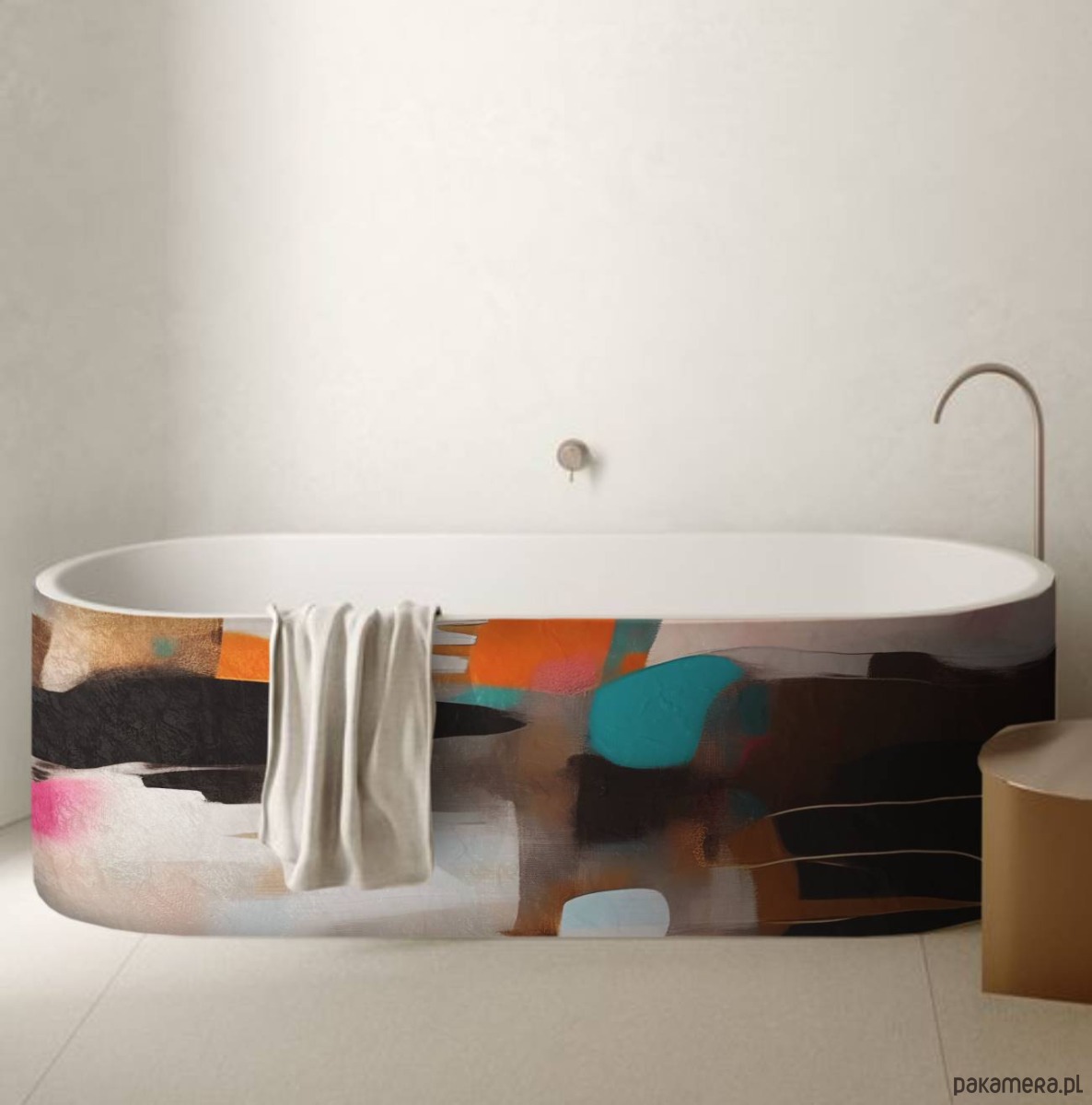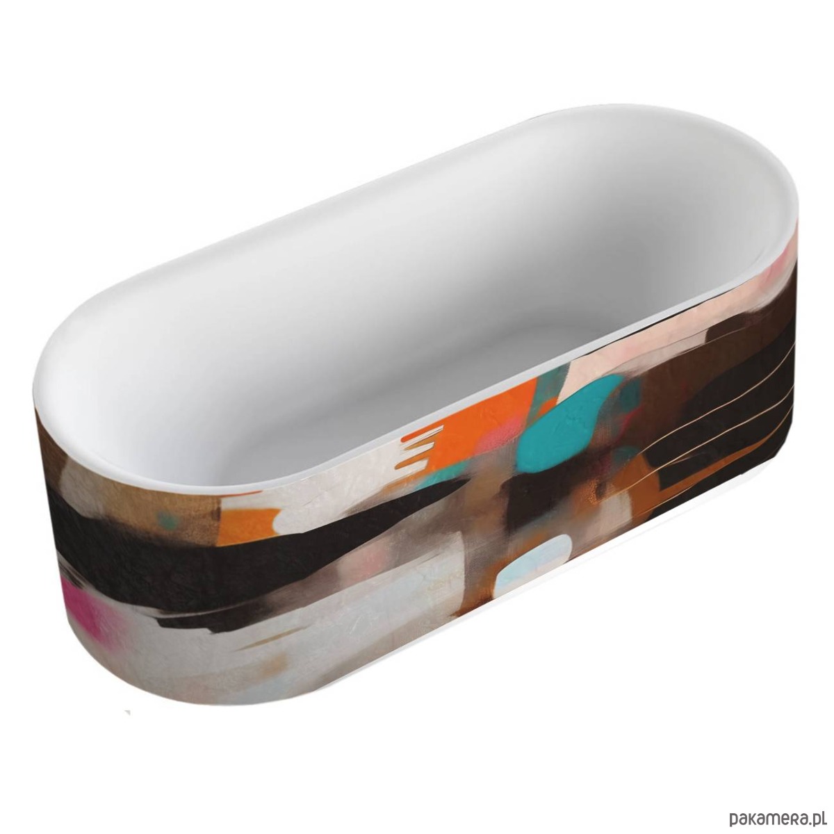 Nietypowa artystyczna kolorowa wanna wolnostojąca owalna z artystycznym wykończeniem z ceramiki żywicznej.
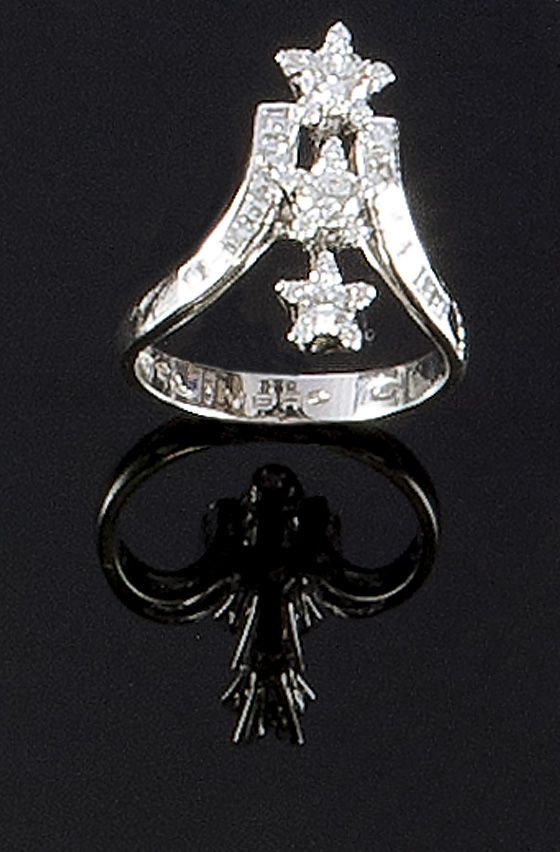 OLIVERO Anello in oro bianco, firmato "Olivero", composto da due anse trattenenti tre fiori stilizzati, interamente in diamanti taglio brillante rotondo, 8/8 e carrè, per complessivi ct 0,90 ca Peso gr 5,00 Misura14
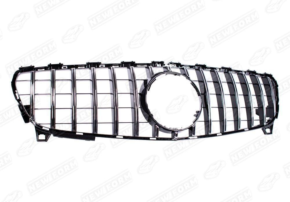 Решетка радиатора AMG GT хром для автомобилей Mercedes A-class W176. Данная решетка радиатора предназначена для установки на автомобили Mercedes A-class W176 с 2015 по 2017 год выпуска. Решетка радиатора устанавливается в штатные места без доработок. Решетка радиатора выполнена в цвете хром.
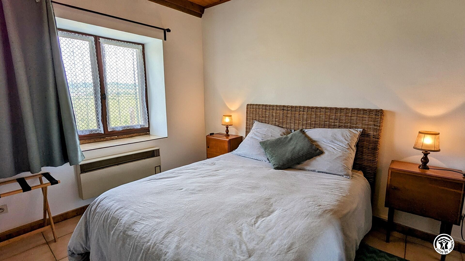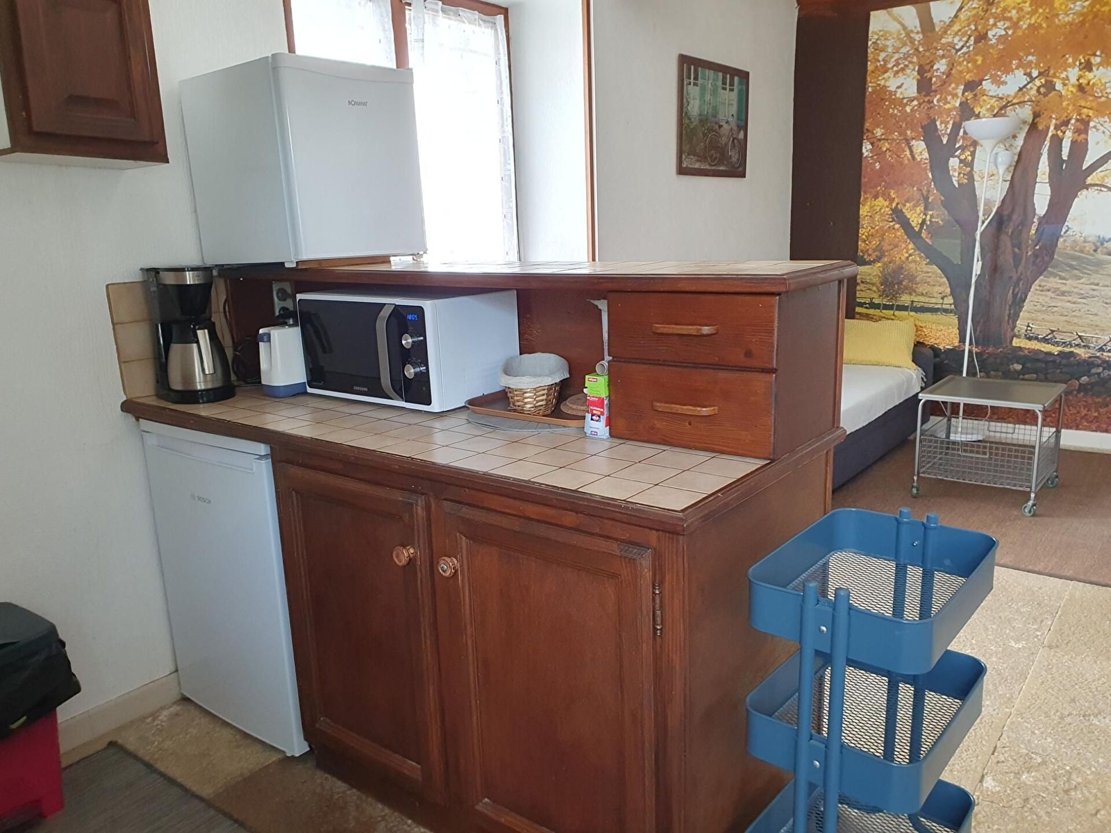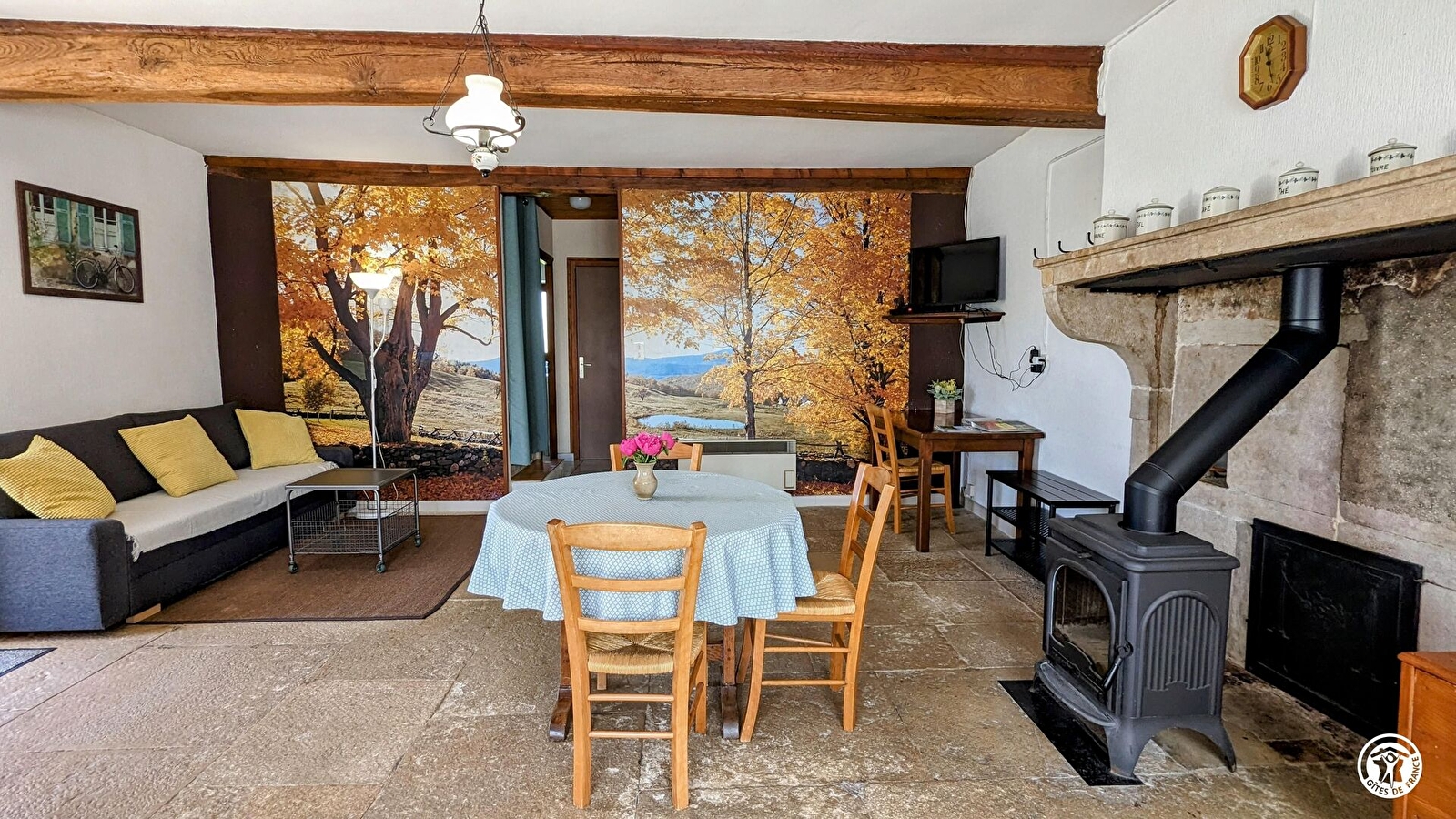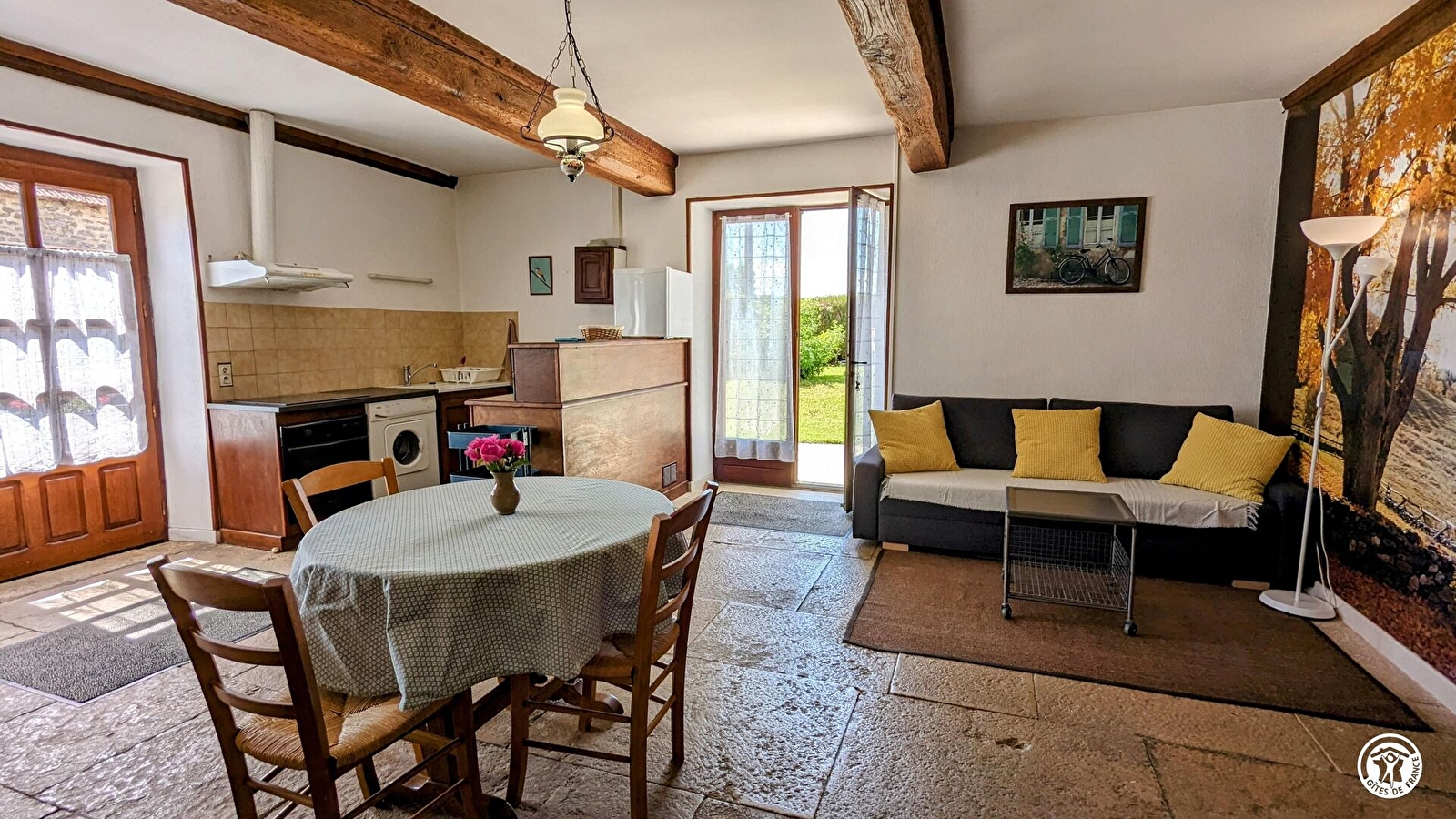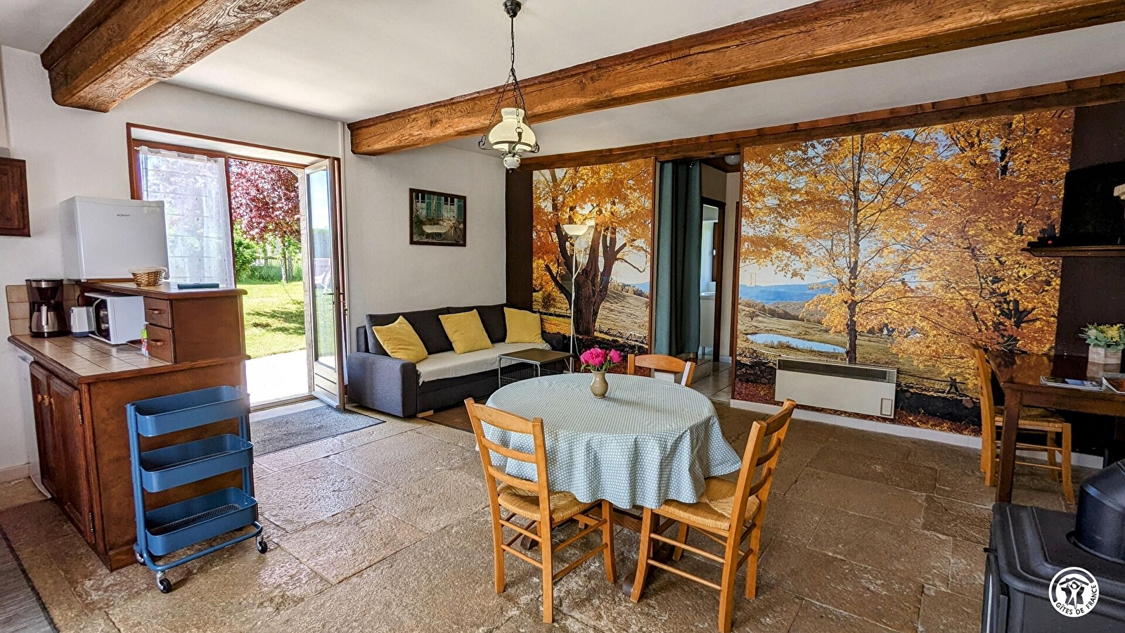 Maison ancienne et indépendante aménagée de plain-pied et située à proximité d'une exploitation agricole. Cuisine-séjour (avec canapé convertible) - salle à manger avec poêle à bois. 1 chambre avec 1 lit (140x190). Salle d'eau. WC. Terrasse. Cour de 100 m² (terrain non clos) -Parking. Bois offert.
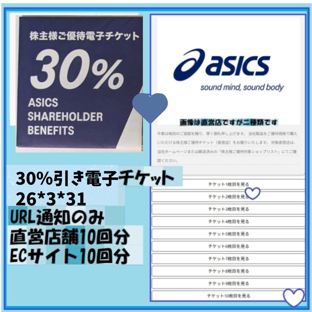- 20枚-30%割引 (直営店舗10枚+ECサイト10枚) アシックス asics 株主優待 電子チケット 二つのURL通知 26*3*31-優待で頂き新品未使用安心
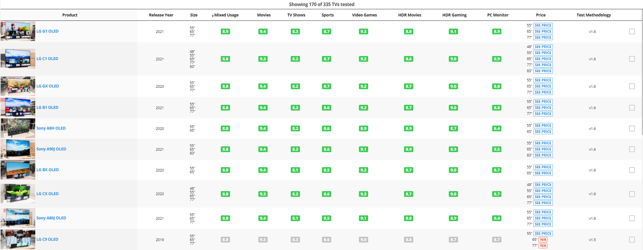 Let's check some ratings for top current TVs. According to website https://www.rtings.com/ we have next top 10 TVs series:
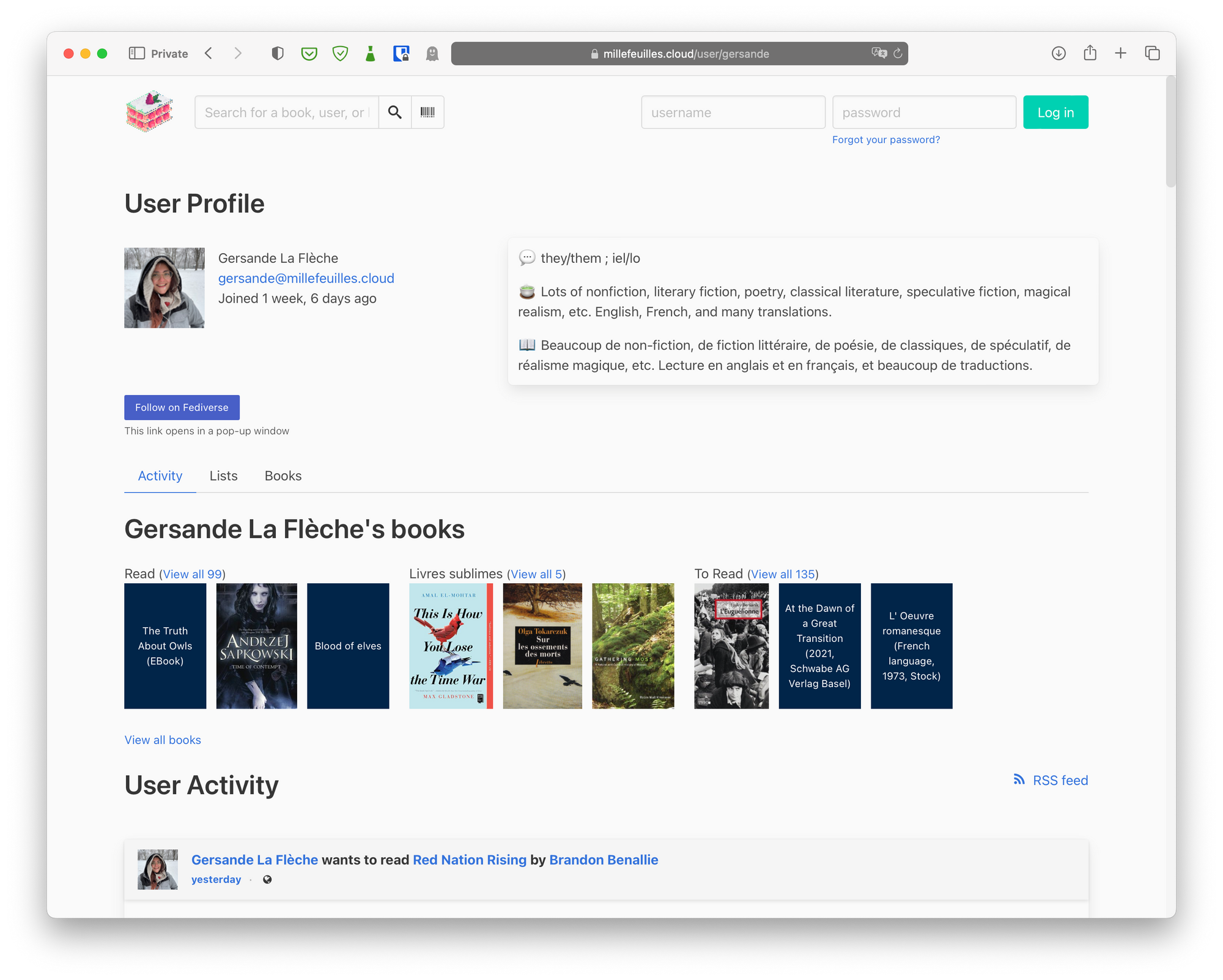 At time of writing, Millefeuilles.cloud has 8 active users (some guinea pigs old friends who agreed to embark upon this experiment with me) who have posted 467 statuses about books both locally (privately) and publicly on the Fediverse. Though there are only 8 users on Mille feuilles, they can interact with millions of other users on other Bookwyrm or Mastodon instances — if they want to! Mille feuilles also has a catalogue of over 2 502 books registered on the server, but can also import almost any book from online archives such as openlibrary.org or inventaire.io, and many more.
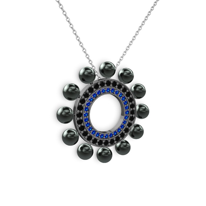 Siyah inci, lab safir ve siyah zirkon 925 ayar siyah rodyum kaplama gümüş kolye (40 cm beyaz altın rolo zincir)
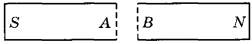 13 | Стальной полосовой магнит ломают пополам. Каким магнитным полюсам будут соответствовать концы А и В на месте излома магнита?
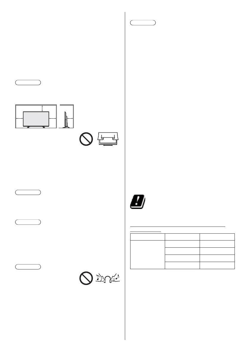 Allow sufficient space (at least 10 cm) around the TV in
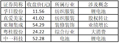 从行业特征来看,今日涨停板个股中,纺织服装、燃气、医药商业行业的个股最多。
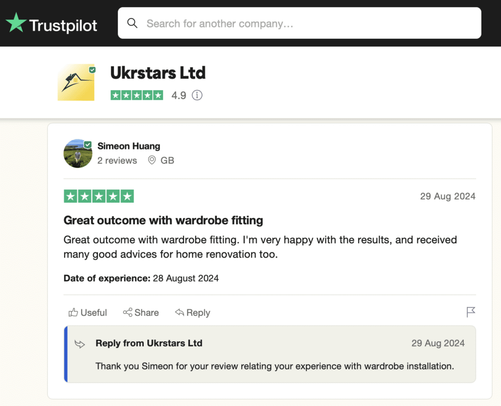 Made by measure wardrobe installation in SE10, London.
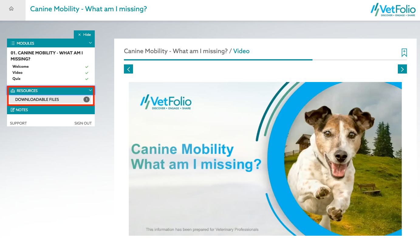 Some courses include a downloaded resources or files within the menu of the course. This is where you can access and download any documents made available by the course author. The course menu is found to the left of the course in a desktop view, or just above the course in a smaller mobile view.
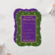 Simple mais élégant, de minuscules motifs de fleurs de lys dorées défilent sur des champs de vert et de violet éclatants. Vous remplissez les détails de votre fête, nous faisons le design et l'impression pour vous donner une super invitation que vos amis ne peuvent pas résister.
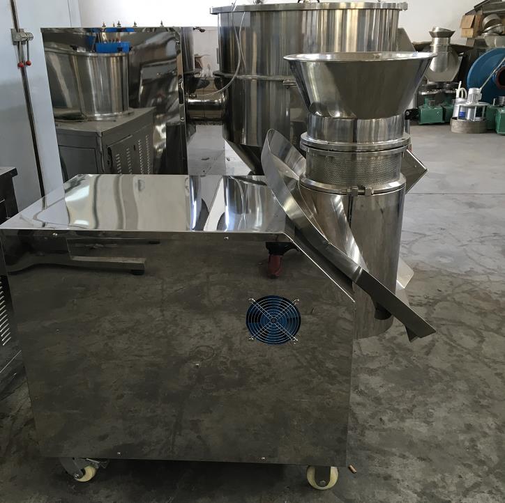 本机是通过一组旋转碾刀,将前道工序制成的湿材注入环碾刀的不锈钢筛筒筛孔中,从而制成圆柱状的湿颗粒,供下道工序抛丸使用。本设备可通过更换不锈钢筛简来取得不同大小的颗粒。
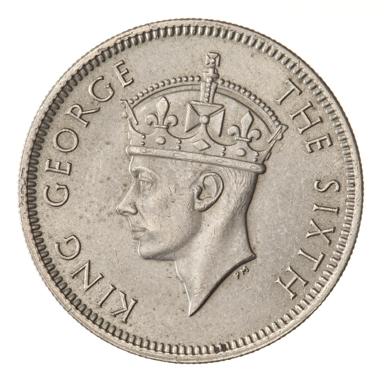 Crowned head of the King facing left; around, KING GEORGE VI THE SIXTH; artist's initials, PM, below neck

______________________________

▸ **What is being asked**: In the listing above, find the line with "- 20枚-30%割引 (直営店舗10枚+ECサイト10枚)" and the line with "Let's check some". Set down exactly those lines and everything between them, skipping pictures.

▸ **Answer to this task**:
- 20枚-30%割引 (直営店舗10枚+ECサイト10枚) アシックス asics 株主優待 電子チケット 二つのURL通知 26*3*31-優待で頂き新品未使用安心
 Let's check some ratings for top current TVs. According to website https://www.rtings.com/ we have next top 10 TVs series:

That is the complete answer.